The study provides valuable insights into the understanding of how lipid peroxidation and the conjugation of CYP4F11 by 4-HNE contribute to monocyte dysfunction in severe malaria. However, there are a few suggestions to potentially enhance the quality of the manuscript.

1. Could you draw a diagram to describe the mechanism of how 4-HNE and CYP4F11 are involved in the malaria derived monocyte immune imbalances? I think that will impress the readers.

2. Could you insert the full name of ROS, TLR4? It will be helpful to the readers who are not familiar with them.

3. There are some gaps in the result section, could you explain why you perform the experiment following the last result? For example, why did you check the antigen expression? And adding some background information of these antigens may be better. Did you find some antigen expression pattern is different from these in figure 9? Any selective regulation?

4. A space in line 99 is missing.

5. Some typos in line 157, 162, 173, 283.

6. The font size in Figure 3 legend is not uniform.

7. Line 372-373, please add more details to help readers understand what you are doing.

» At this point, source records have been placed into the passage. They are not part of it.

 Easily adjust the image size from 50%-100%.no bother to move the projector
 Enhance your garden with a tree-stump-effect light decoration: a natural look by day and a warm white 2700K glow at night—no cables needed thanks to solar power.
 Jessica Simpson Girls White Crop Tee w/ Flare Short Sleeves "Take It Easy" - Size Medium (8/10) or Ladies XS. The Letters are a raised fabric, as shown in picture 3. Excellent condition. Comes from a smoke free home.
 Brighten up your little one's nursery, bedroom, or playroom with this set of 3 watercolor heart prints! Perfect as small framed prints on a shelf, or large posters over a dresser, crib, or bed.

8. In Table 1, 12-HETE should be the ideal substate of CYP4F11 based on the Kd, while 15-HETE was used to evaluate the inhibition of monocyte oxidative burst in figure 8. Could you explain why you chose 15-HETE but not 12-HETE?

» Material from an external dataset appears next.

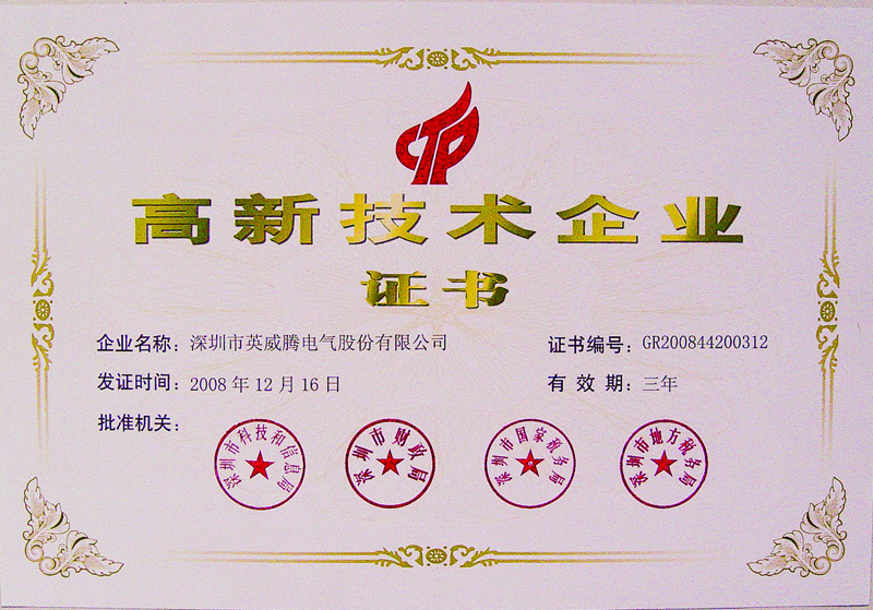 在國家重點(diǎn)支持的高新技術(shù)領(lǐng)域,持續(xù)進(jìn)行研究開發(fā)與技術(shù)成果轉(zhuǎn)化,形成企業(yè)核心自主知識產(chǎn)權(quán),并以此為基礎(chǔ)開展經(jīng)營活動,重大高新技術(shù)成果轉(zhuǎn)化項(xiàng)目的技術(shù)水平屬于國內(nèi)領(lǐng)先或國際先進(jìn)的企業(yè),經(jīng)企業(yè)報(bào)審?fù)ㄟ^后,才能被認(rèn)定為“國家級高新技術(shù)企業(yè)”。國家對高科技自主研發(fā)的發(fā)展高度重視,在2008年科技部、財(cái)政部、國家稅務(wù)總局聯(lián)合下發(fā)新的《高新技術(shù)企業(yè)認(rèn)定管理辦法》中,提高了國家級高新技術(shù)企業(yè)認(rèn)定的標(biāo)準(zhǔn)和門檻,對企業(yè)擁有核心技術(shù)的自主知識產(chǎn)權(quán)、員工素質(zhì)和企業(yè)贏利這幾方面來作為硬指標(biāo)。能夠被認(rèn)定為“國家級高新技術(shù)企業(yè)”是一個企業(yè)科技實(shí)力和科技水平的綜合體現(xiàn),英威騰能達(dá)到要求的高標(biāo)準(zhǔn)、通過認(rèn)證,充分證明了英威騰的高科技領(lǐng)先水平及企業(yè)的綜合實(shí)力。
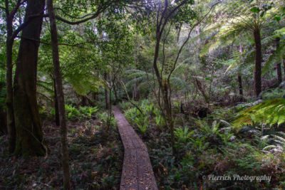 Après quelques mètres supplémentaires, la pente devient plus raide pour se terminer par un escalier en métal afin d’atteindre une plate-forme au sommet du mont Genoa. Du bas, on dirait une fusée transparente, attention prêts pour le décollage…un, deux, trois, partez ! On débarque alors sur une superbe vue à 360 degrés entre forêt, côte et océan qui vient récompenser une randonnée facile et agréable.

The quality of the English language is fine, with only some typos that need to be corrected.

Author Response

1. Could you draw a diagram to describe the mechanism of how 4-HNE and CYP4F11 are involved in the malaria derived monocyte immune imbalances? I think that will impress the readers.

Yes. In the graphical Abstract we drawn the diagram representing the 4-HNE and CYP4F11 interaction leading to monocyte long-term suppression.

 2. Could you insert the full name of ROS, TLR4? It will be helpful to the readers who are not familiar with them.

Done

3. There are some gaps in the result section, could you explain why you perform the experiment following the last result? For example, why did you check the antigen expression? And adding some background information of these antigens may be better. Did you find some antigen expression pattern is different from these in figure 9? Any selective regulation?

As last result we performed the test of monocyte differentiation in dendritic cells, important functional feature of monocytes. To monitor correct differentiation, cell surface expression of numerous markers was monitored. 15-HETE accumulation was shown here as suppressive factor for this process. Expression pattern is shown in Figure 9, confirming firstly the inhibition of differentiation, plausibly due to PPAR-gamma activation by 15-HETE. Possible selective regulation we plan to study in our further research.

 We expanded this experimental part in the text, explaining the mean of performed experiment and describing the antigens with background information.

4. A space in line 99 is missing.

Corrected

5. Some typos in line 157, 162, 173, 283.

Corrected

6. The font size in Figure 3 legend is not uniform.

Corrected

7. Line 372-373, please add more details to help readers understand what you are doing.

We added the explanation in the line 376.

8. In Table 1, 12-HETE should be the ideal substate of CYP4F11 based on the Kd, while 15-HETE was used to evaluate the inhibition of monocyte oxidative burst in figure 8. Could you explain why you chose 15-HETE but not 12-HETE?

We used 15-HETE for experiments shown in Fig 8 for the reason, that 15-HETE is more studied in the literature and it seems more important for immune regulation. Further experiments with 12-HETE are planned.